7. Return shape: structured, not prose

Tool outputs that are big blobs of natural-language prose are wasteful. The LLM has to parse them again. Return structured data:

// Avoid: prose-shaped tool output
"I found 3 restaurants near Brandenburger Tor: Café Einstein at 4.6 stars, the Barn Roastery at 4.7 stars, and Distrikt Coffee at 4.6 stars. Café Einstein is closest at 250m..."

// Prefer: structured data, agent renders the prose
{
  "results": [
    { "name": "The Barn Roastery", "rating": 4.7, "distanceMeters": 320 },
    { "name": "Café Einstein", "rating": 4.6, "distanceMeters": 250 },
    { "name": "Distrikt Coffee", "rating": 4.6, "distanceMeters": 410 }
  ],
  "totalFound": 3
}

The model can iterate over results directly, sort, filter, decide. With prose, it has to parse before it can act.

Compose the user-facing prose in the agent’s response, not in your tool’s response.

What I no longer do

A few practices I’ve stopped doing:

Over-using “auto” tools that try to do many things based on argument shape. They confuse models. One tool, one job.
Hiding internal IDs in opaque cookies (“pass cursor: 'abc123' to paginate”). Models lose them across turns. Use simple offset / limit pagination instead.
Returning HTML or markdown in tool responses. Just data. The LLM does the rendering.

The mental model

Treat your tool surface like an API for a junior engineer. Names that mean what they say. Arguments that fill in the way they read. Errors that suggest what to try next. Outputs that are easy to chain into the next decision.

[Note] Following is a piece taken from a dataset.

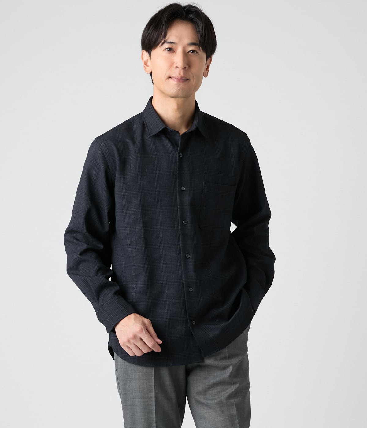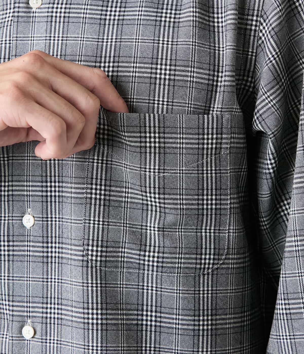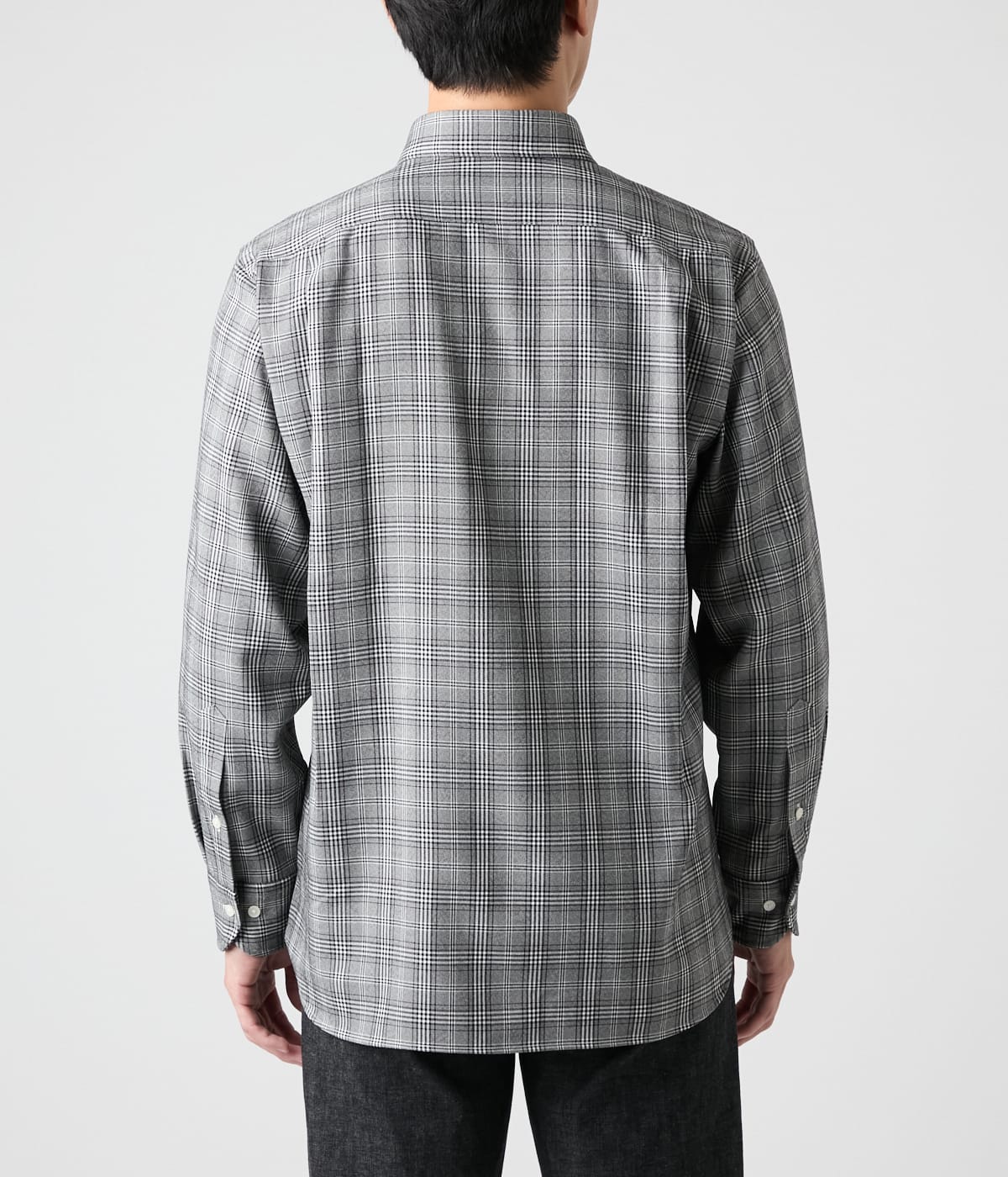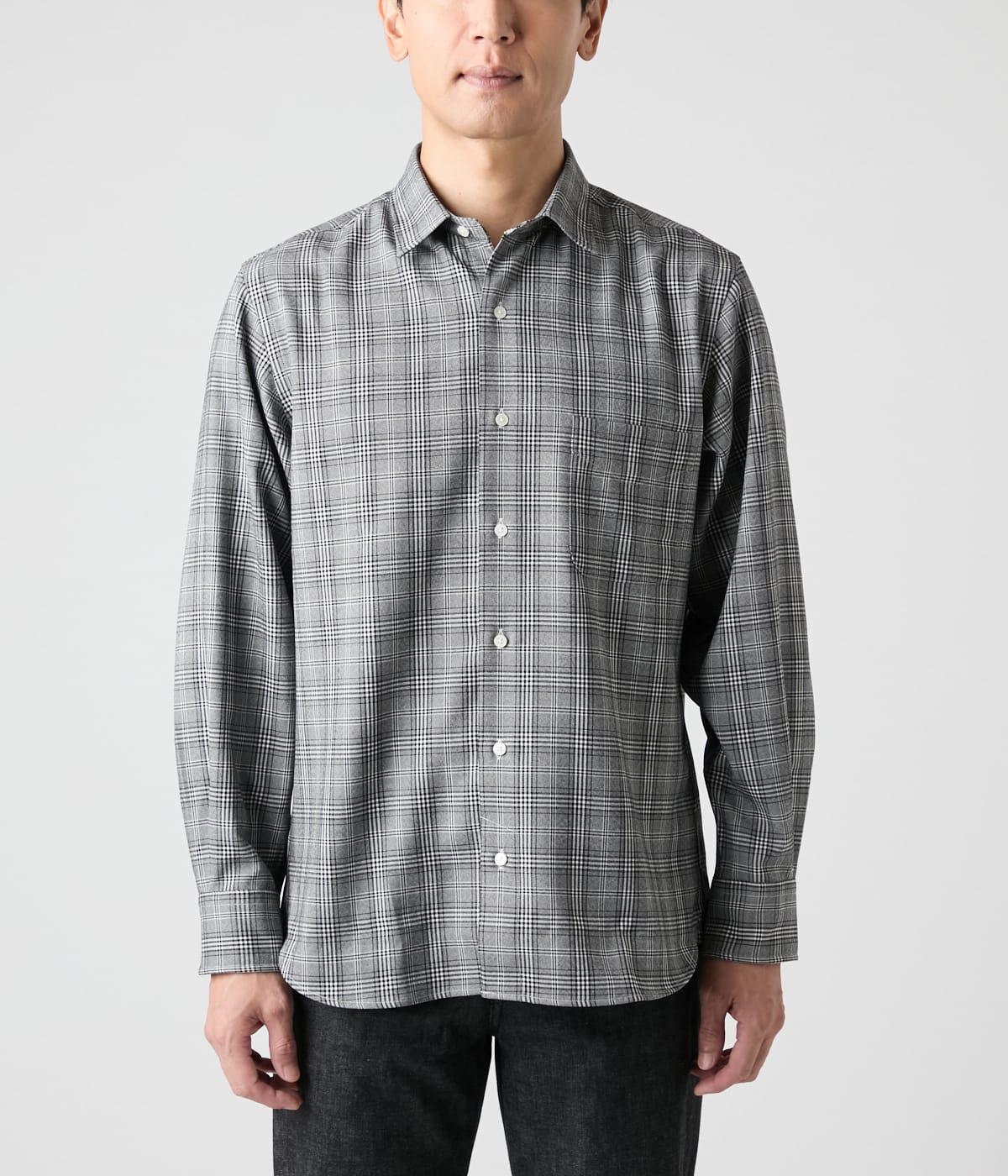 クラシカルな印象のグレンチェック柄を採用した長袖ショートポイントカラーシャツ。高機能素材「LANATEC」を使用し、カチオンミックス糸によりウールのような温かみを表現しつつ、軽やかで扱いやすい素材感に仕上げています。単品での着用はもちろん、アウターやニットのインナーとしても幅広く活躍します。

If your junior engineer would file a bug against your tool’s design, your LLM is probably already silently working around it. You just can’t see the work-around because the LLM is too polite to complain.

Practical checklist

When I review a new tool, this is the list I run:

Name is verb-first and self-describing
Description says when to use AND when not to use
Argument names are full words, not abbrevs
Required vs nullable is correct in the schema
Bounds and defaults documented in argument descriptions
Errors return a structured envelope with code, message, retryable, suggestedAction
Side-effecting tools accept idempotencyKey
Expensive tools warn in their description; cheap alternatives mentioned
Return shape is structured data, not prose

If a tool clears all nine, agents use it correctly the first time. If it fails three or more, you’ll spend the next sprint adding “the agent keeps doing X” defensive patches.

The MCP servers I’ve shipped follow this checklist. So do the agentic systems built on top of them. The pattern transfers.